Графика Ремизова несет в себе принцип мифологического отношения к бытию, при котором не может быть ничего фиктивного, незначимого или существующего только «на словах». Ведь в этой системе именно слова создают окружающий мир и непременно, рано или поздно, они обязательно материализуются. И если есть в языке выражение «неугомонный бес», то это значит, что такой демон имеет свой образ, и не его вина, если обычное зрение не в состоянии его представить. Рисунки Ремизова отображают прямую материализацию метафорических образов, которые в сознании обычного читателя возникают, как правило, в виде привычных формул, отражающих некие эмоциональные состояния: радости — «счастье так и колотит»; сильного возбуждения, проявляющегося в нетерпении — быть во власти «неугомонного беса»; представлений человека о зловещем множестве — «чертова пропасть» и так далее.
Безграничность творческого воображения Ремизова раскрывается и в рисунке «Языка нема» (1938)
[711], название которого восходит к древнерусским летописям, где эти слова употреблялись по отношению к иноязычным — то есть не знающим славянского языка — племенам. Когда спустя десятилетие Ремизов употребит эту древнюю формулу в очерке «Живой воды» (1949), открывавшем пушкинскую часть «Огня вещей», органичность ее станет понятной в контексте эссе, посвященного сохранению живого русского языка, который не изменял бы своего звучания даже в переводе на иностранный. Нарисованное Ремизовым мифологическое существо — с огромными глазами и человеческим ртом, испуганное и дикое — нечто лишенное ассоциативных связей. Не видя перед собой этого рисунка, практически невозможно представить, как можно изобразить реальное, конкретное явление, синонимически передаваемое словами «иностранец», «иноземец», «чужеродец», «чужой», «безъязыкий». Поистине, этот фантастический образ является «запечатленным» свидетельством мифологичности ремизовского мышления.Уже на уровне графического видения Ремизов допускал различные отступления от изображаемого текста, на первый взгляд «произвольно» дописывая его — проясняя то, что, как ему казалось, подразумевалось, но так и осталось невысказанным.
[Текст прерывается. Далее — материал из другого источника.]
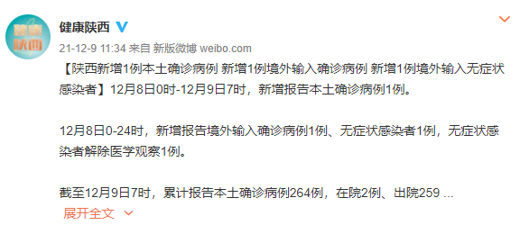 “健康陕西”微博12月9日上午发布:12月8日0时-12月9日7时,新增报告本土确诊病例1例。

В частности, наброски и эскизы писателя к «Мертвым душам» с детальной прорисовкой бытового окружения персонажей поэмы, снабженные соответствующими цитатами, воссоздают гоголевские образы, вместе с тем выражая уникальное представление, присущее именно автору «Огня вещей». Ремизов так интегрировал изображение и нарратив, что игра его воображения воспринимается как естественная форма существования художественного текста. Уподобление процесса рисования игре в ее самом непосредственном проявлении Ремизов пояснял на примере Андрея Белого: «В рисовании Андрея Белого было что-то от игры: как дети усядутся к столу и примутся рисовать, пока не надоест, и потом начнется другая игра, а испачканные чернилами — всего милее красками — листки с фантастическими рисунками, в которых никогда не употребляется линейка и резинка, разбросанные по столу, летят со стола на пол и с пола в печку. Игра, а не мастерство: во всяком случае в мастерстве есть „почему“, а в игре „как рука водила“, и всегда важен процесс, а не результаты. В этом душа рисунков Андрея Белого. Но было и другое: страсть иллюстрировать — изображать мысль; но при неуменьи и эти иллюстрации, в которых всегда преднамеренность и отчетность, превращались в фантастические узоры, ничего не объясняющие…»
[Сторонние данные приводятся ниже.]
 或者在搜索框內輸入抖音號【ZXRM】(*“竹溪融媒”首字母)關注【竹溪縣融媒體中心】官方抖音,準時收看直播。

[712]Благодаря процессу понимания, осмысления, «вчувствования», писатель создавал новые образы и смыслы и в конечном счете приходил к такой неожиданной интерпретации текста-источника, в рамках которой «бытие изображения предстает как нечто большее, нежели бытие изображаемого материала»
[713]: «У меня получаются не „Мертвые души“, а Воскрешение мертвых. Думаю, Гоголь бы одобрил» [714]. В письме к Н. Кодрянской он рассказывал: «…мне остается нарисовать две главы из Мертвых Душ. Манилов вышел у меня небывалый — декабрист, князь Мышкин чистой мысли и чистого сердца. Я знаю это вызовет негодование „адамовичей“. Они привыкли от „печки“. И будет возмущение, „чего я искажаю Гоголя?“ Искажаю их кривое дело и приплюснутый череп. (Это называется моя заносчивость!) … Рисую Плюшкина (у Гоголя мертво), „затурканность вещами“, так только могу понять. Но как это произошло, еще не соображу: задавили вещи, и сами распались в пыль. Жалко вещей» [715]. Мысли Ремизова подчас эпатируют, его взгляд на героев необычен, но обоснован. Цель его, как ни парадоксально, — оправдать персонажей, заклейменных целыми поколениями литературных критиков.